Brown To Credit Suisse: Large Transactions And Losses Raise Many Troubling Questions
WASHINGTON, D.C. – U.S. Sen. Sherrod Brown (D-OH), Chairman of the U.S. Senate Committee on Banking, Housing, and Urban Affairs, today pressed some of the world’s biggest banks, including Credit Suisse Securities LLC, Nomura Holding America Inc., Goldman Sachs, and Morgan Stanley for answers about the margin call and market activity connected to Archegos Capital Management.
“I am troubled, but not surprised, by the news reports that Archegos entered into risky derivatives transactions facilitated by major investment banks, resulting in panicked selling of stocks worth tens of billions of dollars and those banks collectively losing nearly $10 billion,” wrote Brown.
Brown continued, “The details and ultimate consequence of Archegos’s failure remain to be seen, but the massive transactions, and losses, raise several questions regarding Credit Suisse’s relationship with Archegos and the treatment of so-called “family offices,” Mr. Hwang’s history, and the transactions that have been mentioned in news reports.”
A copy of the letter to Credit Suisse appears here and below:
Dear Ms. Lalime:
Credit Suisse Securities (USA) LLC
I write concerning your firm’s participation in recent stock market transactions involving Archegos Capital Management (Archegos) and its principal owner Sung Kook (Bill) Hwang.
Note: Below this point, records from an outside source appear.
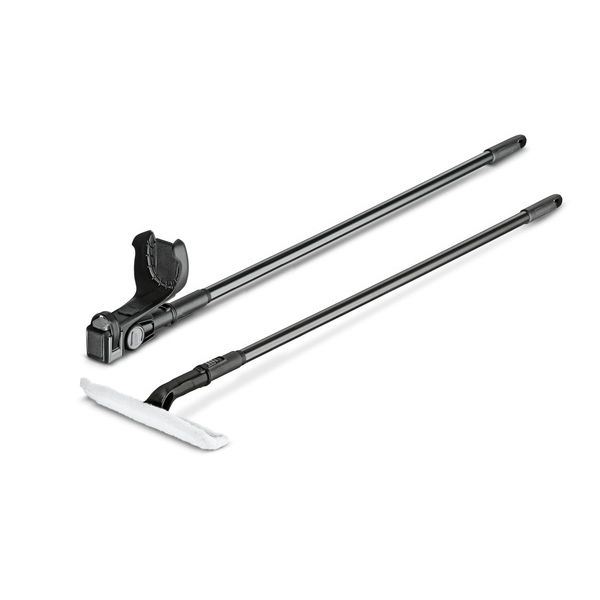 Setet består av två teleskop-förlängningsksaft. Ett för tvättmunstycket och den andra för fönstertvätten. Kan förlängas upp till 2 m. Tvättmunstycke med mikrofiberduk ingår.
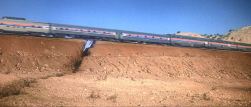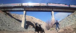 Here comes the Southwest Limited! Led by three Amtrak SDP40F locomotives running elephant style, the train crosses a dry wash on a high bridge.
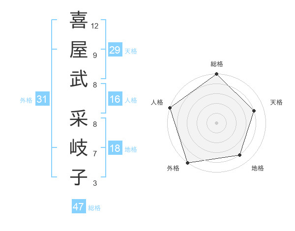 喜屋武 采岐子さんを姓名の画数から五運を鑑定
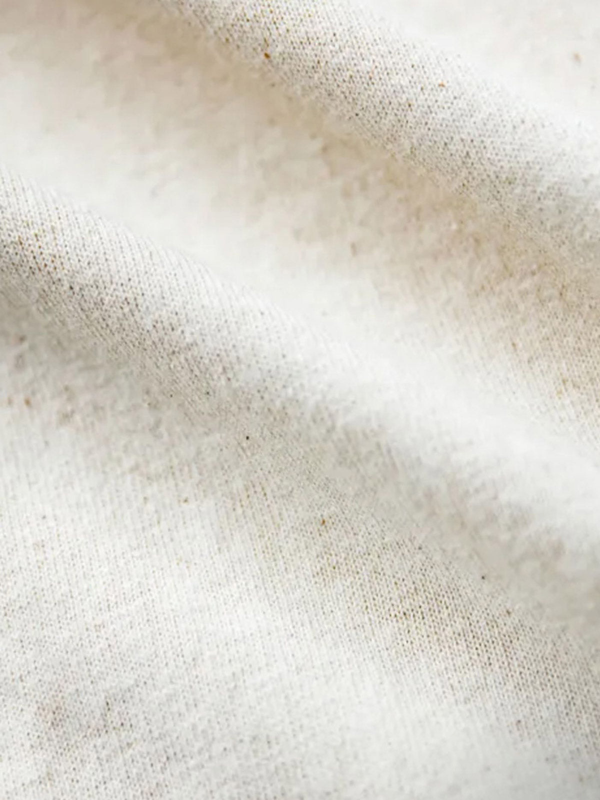 中等の重さ250g/m²の生地を使用しており、綿の殻を含むユニークな質感が、自然で快適な着用感を実現しています。この生地は様々なカジュアルシーンに適しており、日常的な活動に最適です。
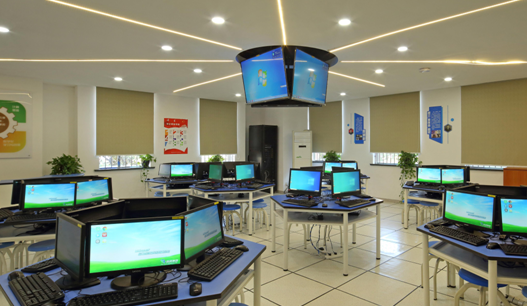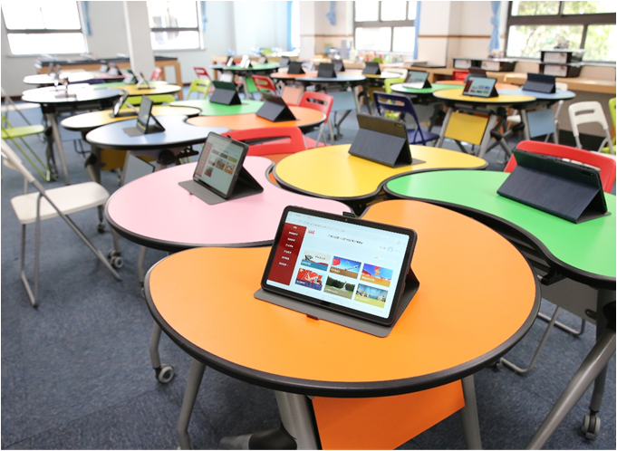 上海市杨浦区打虎山路第一小学以原有的创新实验室为学习空间的建设基础,融合了平板电脑、组合式课桌、仿真试验台等教育装备,创设出布局灵活、高效互动、资源丰富的数字化学习环境。
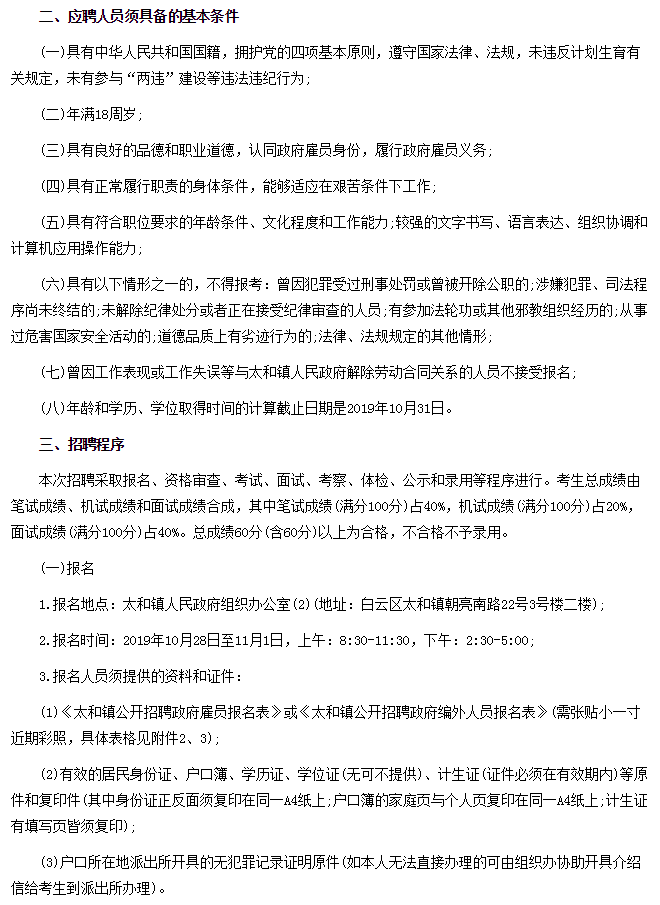 2019年10月广州市白云区太和镇人民政府招聘公告

I am troubled, but not surprised, by the news reports that Archegos entered into risky derivatives transactions facilitated by major investment banks, resulting in panicked selling of stocks worth tens of billions of dollars and those banks collectively losing nearly $10 billion. Similar failures in the past, including Long-Term Capital Management and Amaranth Advisors, demonstrate the hazards to market stability and investor confidence when excessive leverage is combined with careless risk taking.
Based on news reports and discussions with financial regulators, it appears Credit Suisse acted as one of several prime brokers for Archegos and conducted a “margin call” in the last week of March, rapidly liquidating shares of several companies. The details and ultimate consequence of Archegos’s failure remain to be seen, but the massive transactions, and losses, raise several questions regarding Credit Suisse’s relationship with Archegos and the treatment of so-called “family offices,” Mr. Hwang’s history, and the transactions that have been mentioned in news reports.
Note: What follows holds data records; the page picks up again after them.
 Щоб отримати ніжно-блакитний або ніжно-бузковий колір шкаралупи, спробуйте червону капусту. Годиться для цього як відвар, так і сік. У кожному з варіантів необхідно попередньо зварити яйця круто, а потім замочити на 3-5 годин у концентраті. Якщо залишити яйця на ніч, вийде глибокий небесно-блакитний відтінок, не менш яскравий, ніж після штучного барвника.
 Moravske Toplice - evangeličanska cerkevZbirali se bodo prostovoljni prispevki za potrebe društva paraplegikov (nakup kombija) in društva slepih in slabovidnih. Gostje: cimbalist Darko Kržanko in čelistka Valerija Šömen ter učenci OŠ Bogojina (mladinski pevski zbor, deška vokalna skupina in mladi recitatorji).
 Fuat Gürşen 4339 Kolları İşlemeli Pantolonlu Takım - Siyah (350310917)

So that I may better understand the circumstances of the Archegos transactions and Credit Suisse’s involvement, please respond to the following by April 22, 2021. To the extent separate answers or details are necessary to explain activity of different Credit Suisse entities, please describe with specificity for each entity.
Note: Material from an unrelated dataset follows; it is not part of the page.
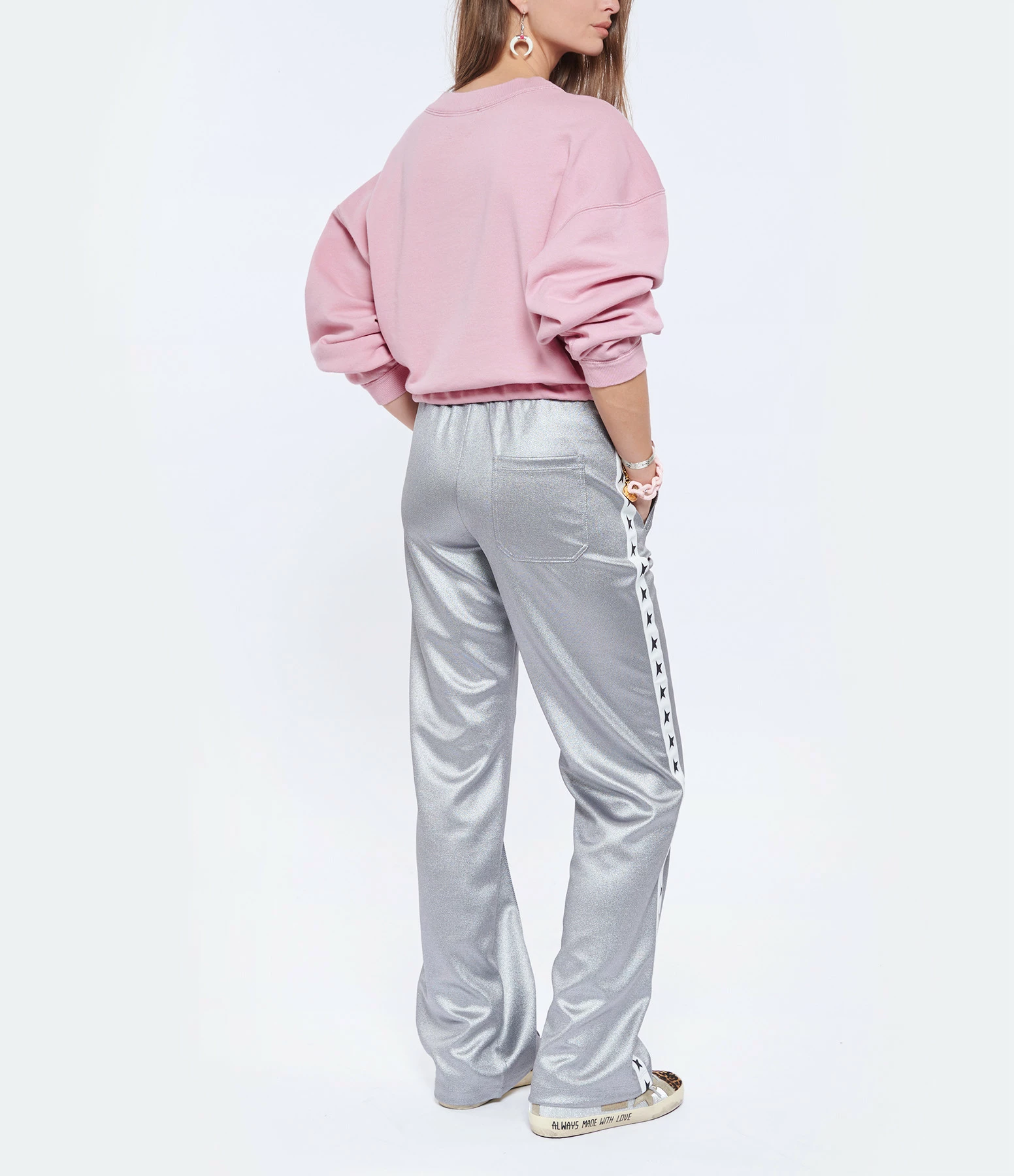 Sweatshirt court en coton rose. Petit logo en velours écru sur la poitrine. Col rond. Manches longues resserrées aux poignets. Coupe droite. Base droite avec liens de serrage.

- Please outline the know your customer (KYC) review and client onboarding process for family offices, including any consideration given to whether the family office is subject to regulatory registration or reporting;
- Please describe:
- the services offered to family offices through your prime brokerage or similar divisions,
- how family offices are evaluated to determine eligibility for services or products, including the extension of credit,
- if there are services or products that are not offered to family offices that are not subject to regulatory registration or reporting, and
- how collateral, including initial margin and variation margin, is maintained for transactions with those clients;
- With respect to family offices, describe any periodic reviews of client details and KYC information, privileges, and market activity your firm conducts, including their frequency;
- Please explain the client onboarding process, including any supervisor or risk committee approvals, for Archegos, identifying when it became a client, and the consideration of the 2012 agreement to criminal wire fraud by Tiger Asia Management LLC, Mr. Hwang’s prior firm, and his and Tiger Asia Management’s settlement of civil fraud charges related to allegations of insider trading and manipulation that led to a $44 million penalty and an industry bar;
- Identify the broker-dealer, bank, and other entities, directly or indirectly, involved in transactions with Archegos and that participated in the margin call and resulting stock sales;
- Describe any policies or procedures relevant to the entities in item 5 that address providing to U.S. based entities total return swaps or similar transactions referencing publicly traded stocks that provide an economic interest that would be subject to regulatory reporting with the SEC or other regulators if the referenced stocks were directly held;
- To address news reports regarding the Archegos margin call, please explain Credit Suisse’s participation in, or consideration of, any coordination with other banks to sell, or to refrain from selling, stocks related to Archegos transactions;
- As detailed in news reports, Archegos-related margin calls involved the sale of shares of ViacomCBS Inc., which exhibited significant volatility in March, beginning the month at $67, reaching $100, and ending the month at $45. Several of the banks engaged in trading relationships with Archegos participated in an SEC-registered offering of ViacomCBS shares on March 23 at a price of $85. Please discuss whether that offering contributed to the Archegos margin call;
- Given the stunning speed and size of the stock sales leading to Archegos’s failure, please explain any information, market activity, or other factors that you believe caused or contributed to the margin call; and
- Finally, please describe any amendments to policies or documentation that any of the entities identified in item 5 have made, or intend to make, in relation to existing or future transactions or relationships with family offices.
I appreciate your attention to this matter, and thank you for your timely cooperation.